Immediately she’s overtaken by a blind panic. She thought the threat couldn’t just disappear like that without further ado, she thought he was hiding something from her. What does this mean — will she have to take him somewhere to hide for an indeterminate period? Perhaps he wants to hide out temporarily with her . It would have been useful to have more information about his predicament.

This means that she has to drop everything just like that. Everything that she’d planned for the rest of her stay in town. The audits, the visit to her parents’ grave, the visit to her friend Jakobus on the city farm. The audits she can do later, her parents’ grave she can always visit another time, Jakobus as well at the city farm, but what a pity that the weekend with the lover must also come to naught.

It’s a close, cloudy day; it looks as if it might rain, the mountains are still not visible — clad in mist since early morning. Beautiful, the day, the mountains in the mist, the vineyards changing colour. She has a miserable, sinking feeling in the pit of her stomach about Benjy, and a constricting anxiety in the region of her heart. Before leaving to fetch him, she tries once more to reach her ex-husband. He should know that his son’s life is in danger. But his cell phone is still switched off. What’s the use of time and again abusing him for never being available in a crisis.
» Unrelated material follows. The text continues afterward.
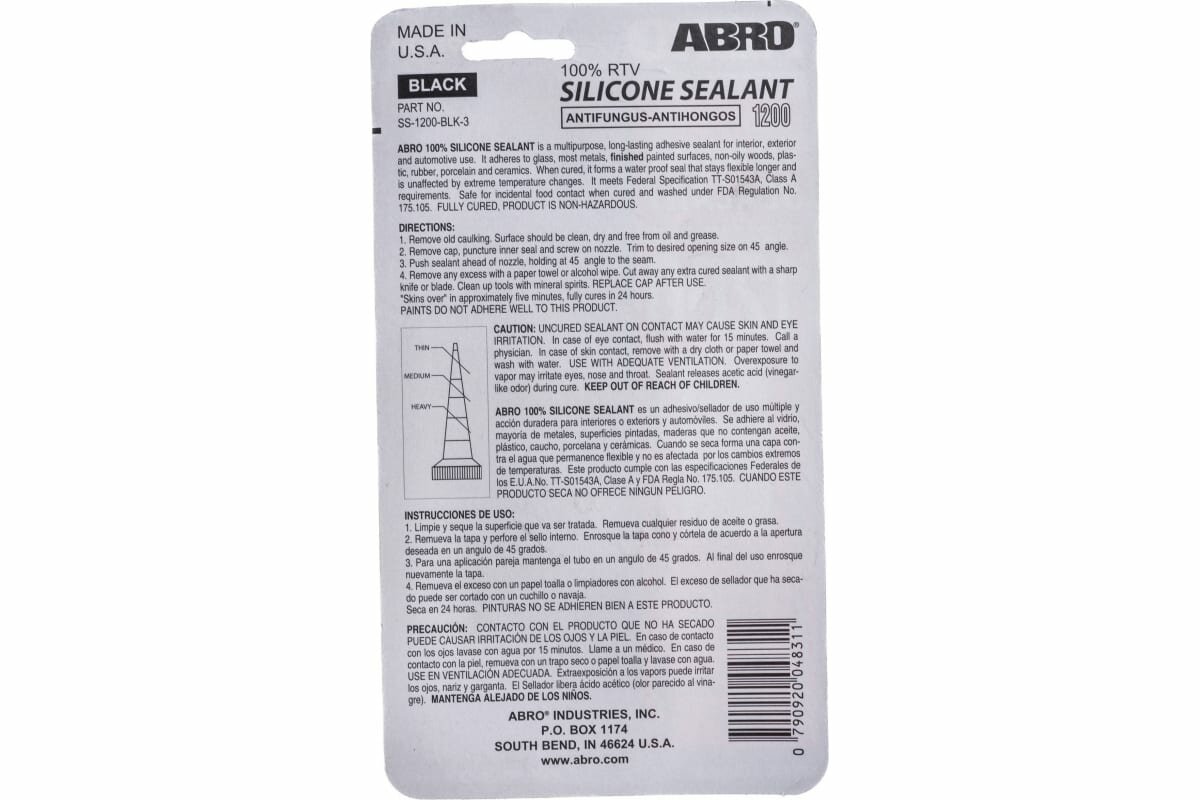 Ниже Вы можете прочитать отзывы на ABRO SS-1200-BLK-3 Герметик силиконовый черный (85 г) США ABRO SS-1200-BLK-3, ознакомится с подробными характеристиками, посмотреть интересные обзоры и фотографии на ABRO SS-1200-BLK-3 Герметик силиконовый черный (85 г) США ABRO SS-1200-BLK-3.

She takes the Skilpadkraal turn-off. (Two painted tortoises on the stone wall, underneath the name. Apparently a self-catering resort.) Benjy is waiting for her outside the first cottage. He is looking terrible. It strikes her immediately. He is unkempt, unshaven, deathly pale, a bulky Yasser Arafat scarf around his neck. He has only a small rucksack with him. He greets her tersely, slides down deep into the seat and looks straight ahead of him. Just drive, Ma, he says. Where to? she asks. Doesn’t matter, he says. Anywhere. I suppose not back to Cape Town, she says (feebly). He shakes his head. She turns back in the direction of the town. Her hands on the steering wheel are sticky with sweat. Where to now? she asks as they enter the town. Carry on along Bird Street, and take the R304 out of town, he says.